44. The arguments impugning the freezing of the accounts under Section 102 of Cr.P.C. without notice to the petitioners are to be noted for rejection for the simple reason that the Section 102 does not contemplate issuance of any such notice, and for the purpose of investigation, no notice to the suspect can be expected under the law. Section 102 of Cr.P.C. is an important step towards investigation and in view of settled legal position that accused cannot have any say in investigation, notice to the suspect is out of question. The intention of the investigating agency is not required to be revealed to the suspect at that crucial stage, else, a message of alert would be received by the suspect creating a huge room for manipulation and or destruction of evidence.

45. It is noticed from the impugned order that the notice of the seizure or freezing of the accounts or its intimation was sent to the competent magistrate, and therefore, learned counsel for the petitioners has fairly not pressed the said argument. 46. It is also misconceived to argue that the seizure in exercise of powers under Section 102 of Cr.P.C. would be valid only if the accounts in question contain the proceeds of crime.

47. There appears to be no substance in the argument that it is only Human Resources Development Ministry which can exercise power of freezing or seizing of the account. There is nothing in the language of any of the provisions of FCRA 1976 to infer any fetters on the powers of the police to investigate even those accounts in which the authorization to obtain the donation even from a foreign national is granted under the FCRA Act. No fetters, therefore can be read in the powers of investigating agency investigating the case under the Cr.P.C.

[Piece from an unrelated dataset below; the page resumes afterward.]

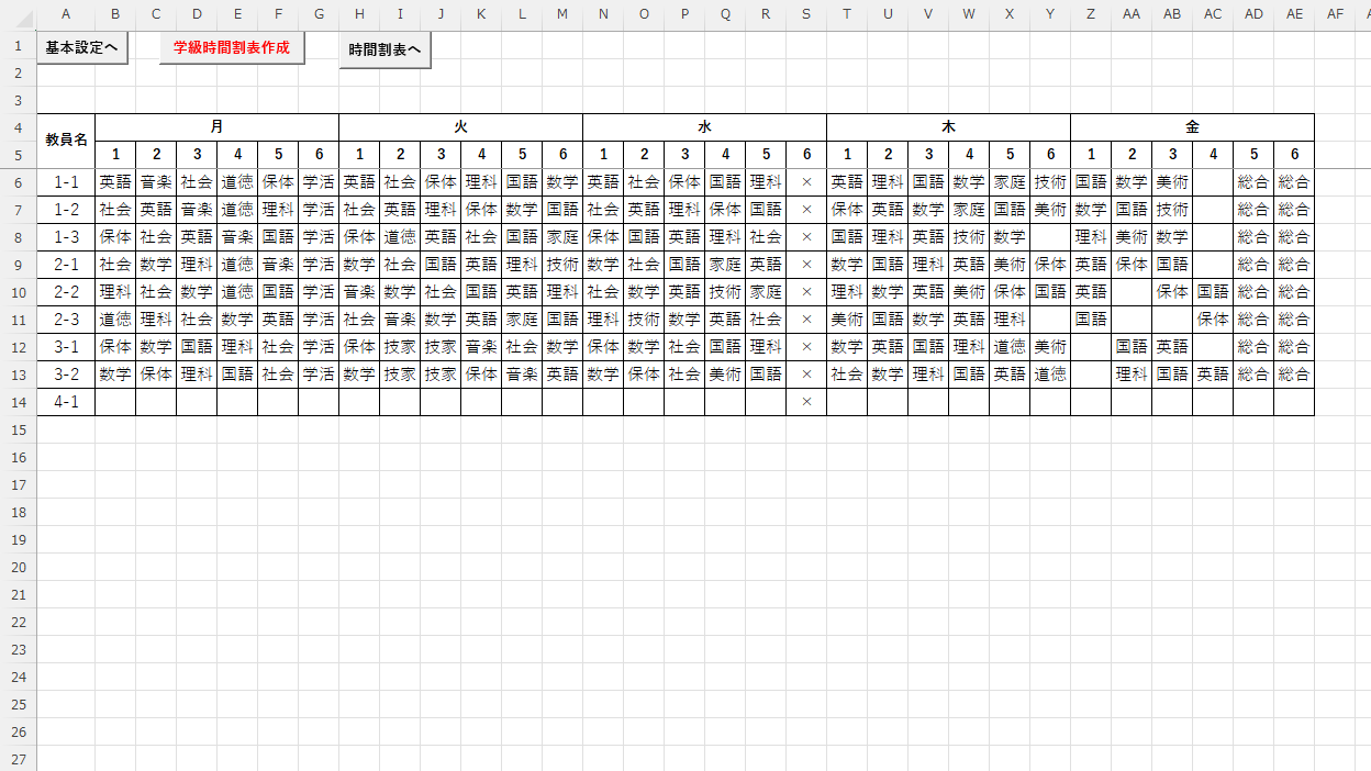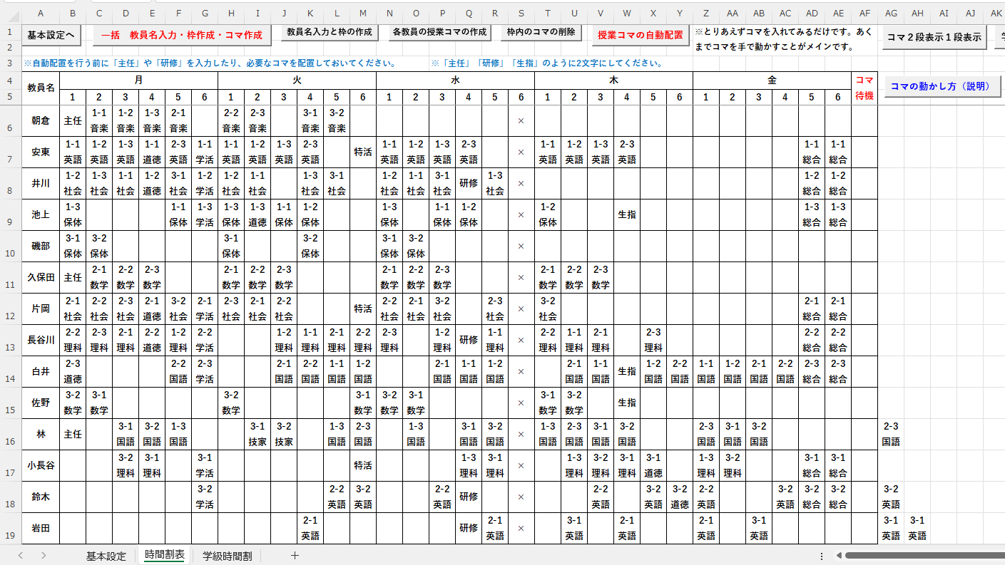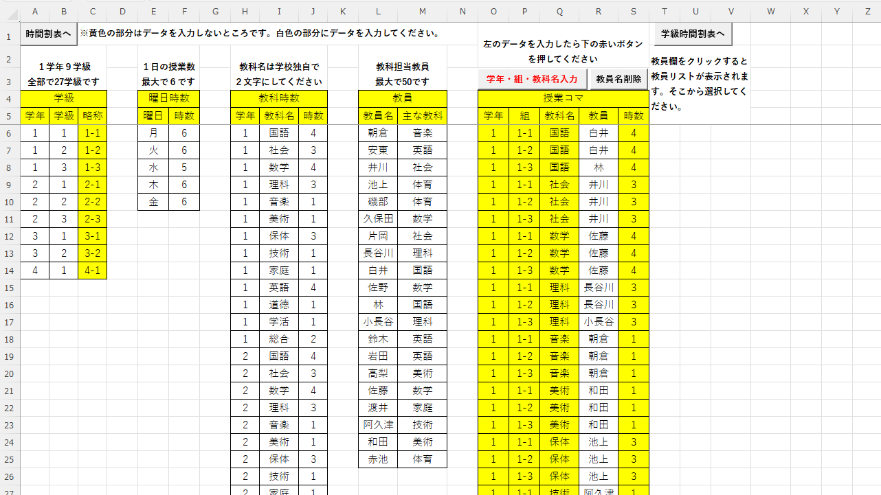 学級と学年、各曜日の時数、教員名、各学年の教科名と時数を入力するだけで時間割表を作成し、自動配置をしたあと、クリックだけでコマの移動・交換ができ、移動可能なセルを黄色で表示してくれる、超簡単な時間割作成ファイルです。学級時間割の作成もできます。週ごとに時間割を変更することも簡単にできます。時間割ソフトが、設定が難しくて大変、結局自動配置でコマが全部埋まるわけでもなく、コマを動かすのも面倒、ということもあり、時間割作成のハードルは高かったですが、このファイルを使えば、誰でも時間割を作成することができます。 ![]() |

48. True it is that the learned Government Public Prosecutor rightly concedes against perennial freezing of accounts; however, it is for the investigating agency, probably on conclusion of the investigation to determine the extent of the accounts tainted with crime and to De-freeze the rest, if at all such Defreezing is warranted in the facts and circumstances of the case. This issue can be answered from another angle as contended by the learned Public Prosecutor. If upon conclusion of the investigation, a part of accounts is found to be tainted, obviously it would amount to stolen property within the meaning of Section 410 of IPC, and in such an eventuality, by no stretch of imagination, a stolen property can be released before trial or acquittal of accused.

49. The argument as to applicability of the penal provisions invoked against the petitioners cannot be gone into at this stage when the investigation is at crucial point and the material in this regard is yet to be placed before the Court after conclusion of the investigation. In fact, in view of the settled legal position that accused has no role to play in the investigation except as indicated in Cr.P.C., the question as to applicability of a particular provision is required to be left to the discretion of the investigating agency and then to the Court as and when and if the report under Section 173 of Cr.P.C. is filed.”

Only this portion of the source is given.